| TASK TO CARRY OUT |
Starting with the line that contains "Apple의 엔지니어 및", reproduce each line through the end of the entries exactly as written.

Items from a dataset
BEGIN

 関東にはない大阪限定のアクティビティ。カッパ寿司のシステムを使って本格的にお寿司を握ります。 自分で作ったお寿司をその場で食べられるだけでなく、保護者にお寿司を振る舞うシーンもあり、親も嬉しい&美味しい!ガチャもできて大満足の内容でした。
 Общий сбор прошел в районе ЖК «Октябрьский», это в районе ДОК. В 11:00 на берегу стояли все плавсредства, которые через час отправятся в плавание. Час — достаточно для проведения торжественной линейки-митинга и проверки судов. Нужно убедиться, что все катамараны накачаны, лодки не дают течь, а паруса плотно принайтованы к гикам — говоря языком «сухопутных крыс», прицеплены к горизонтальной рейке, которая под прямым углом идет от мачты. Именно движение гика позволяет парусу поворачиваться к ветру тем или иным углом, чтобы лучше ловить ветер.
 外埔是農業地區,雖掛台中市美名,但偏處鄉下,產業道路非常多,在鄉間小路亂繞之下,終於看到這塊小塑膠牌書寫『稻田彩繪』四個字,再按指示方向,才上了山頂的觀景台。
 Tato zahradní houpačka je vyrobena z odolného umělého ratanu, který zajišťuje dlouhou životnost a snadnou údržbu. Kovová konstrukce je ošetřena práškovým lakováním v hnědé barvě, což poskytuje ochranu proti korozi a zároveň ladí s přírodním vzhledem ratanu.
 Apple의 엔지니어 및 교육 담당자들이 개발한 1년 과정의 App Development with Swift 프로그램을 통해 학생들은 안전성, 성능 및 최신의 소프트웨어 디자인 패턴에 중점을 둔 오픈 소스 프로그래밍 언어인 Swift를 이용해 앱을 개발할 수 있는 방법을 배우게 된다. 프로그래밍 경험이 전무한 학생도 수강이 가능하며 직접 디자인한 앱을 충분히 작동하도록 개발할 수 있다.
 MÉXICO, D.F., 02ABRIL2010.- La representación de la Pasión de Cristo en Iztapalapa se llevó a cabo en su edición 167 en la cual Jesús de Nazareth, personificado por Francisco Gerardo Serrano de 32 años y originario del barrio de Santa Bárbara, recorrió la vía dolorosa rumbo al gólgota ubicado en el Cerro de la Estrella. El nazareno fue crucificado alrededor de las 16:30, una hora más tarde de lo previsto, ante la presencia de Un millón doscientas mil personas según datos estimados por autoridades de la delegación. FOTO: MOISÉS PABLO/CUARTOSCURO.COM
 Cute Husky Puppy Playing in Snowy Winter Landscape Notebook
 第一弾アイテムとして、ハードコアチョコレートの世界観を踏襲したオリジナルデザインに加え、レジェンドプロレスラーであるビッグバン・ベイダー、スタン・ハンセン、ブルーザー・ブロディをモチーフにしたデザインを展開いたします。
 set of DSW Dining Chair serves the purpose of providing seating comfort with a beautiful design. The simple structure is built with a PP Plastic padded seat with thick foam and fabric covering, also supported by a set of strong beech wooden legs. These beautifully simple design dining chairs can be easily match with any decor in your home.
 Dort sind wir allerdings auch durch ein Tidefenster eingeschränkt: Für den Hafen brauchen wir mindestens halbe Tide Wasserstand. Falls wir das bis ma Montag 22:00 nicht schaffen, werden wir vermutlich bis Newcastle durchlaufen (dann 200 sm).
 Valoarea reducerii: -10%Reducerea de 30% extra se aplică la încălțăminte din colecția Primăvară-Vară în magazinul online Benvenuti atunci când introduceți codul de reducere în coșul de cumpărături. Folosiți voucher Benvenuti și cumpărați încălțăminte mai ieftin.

END

| EXERCISE SOLUTION |
 Apple의 엔지니어 및 교육 담당자들이 개발한 1년 과정의 App Development with Swift 프로그램을 통해 학생들은 안전성, 성능 및 최신의 소프트웨어 디자인 패턴에 중점을 둔 오픈 소스 프로그래밍 언어인 Swift를 이용해 앱을 개발할 수 있는 방법을 배우게 된다. 프로그래밍 경험이 전무한 학생도 수강이 가능하며 직접 디자인한 앱을 충분히 작동하도록 개발할 수 있다.
 MÉXICO, D.F., 02ABRIL2010.- La representación de la Pasión de Cristo en Iztapalapa se llevó a cabo en su edición 167 en la cual Jesús de Nazareth, personificado por Francisco Gerardo Serrano de 32 años y originario del barrio de Santa Bárbara, recorrió la vía dolorosa rumbo al gólgota ubicado en el Cerro de la Estrella. El nazareno fue crucificado alrededor de las 16:30, una hora más tarde de lo previsto, ante la presencia de Un millón doscientas mil personas según datos estimados por autoridades de la delegación. FOTO: MOISÉS PABLO/CUARTOSCURO.COM
 Cute Husky Puppy Playing in Snowy Winter Landscape Notebook
 第一弾アイテムとして、ハードコアチョコレートの世界観を踏襲したオリジナルデザインに加え、レジェンドプロレスラーであるビッグバン・ベイダー、スタン・ハンセン、ブルーザー・ブロディをモチーフにしたデザインを展開いたします。
 set of DSW Dining Chair serves the purpose of providing seating comfort with a beautiful design. The simple structure is built with a PP Plastic padded seat with thick foam and fabric covering, also supported by a set of strong beech wooden legs. These beautifully simple design dining chairs can be easily match with any decor in your home.
 Dort sind wir allerdings auch durch ein Tidefenster eingeschränkt: Für den Hafen brauchen wir mindestens halbe Tide Wasserstand. Falls wir das bis ma Montag 22:00 nicht schaffen, werden wir vermutlich bis Newcastle durchlaufen (dann 200 sm).
 Valoarea reducerii: -10%Reducerea de 30% extra se aplică la încălțăminte din colecția Primăvară-Vară în magazinul online Benvenuti atunci când introduceți codul de reducere în coșul de cumpărături. Folosiți voucher Benvenuti și cumpărați încălțăminte mai ieftin.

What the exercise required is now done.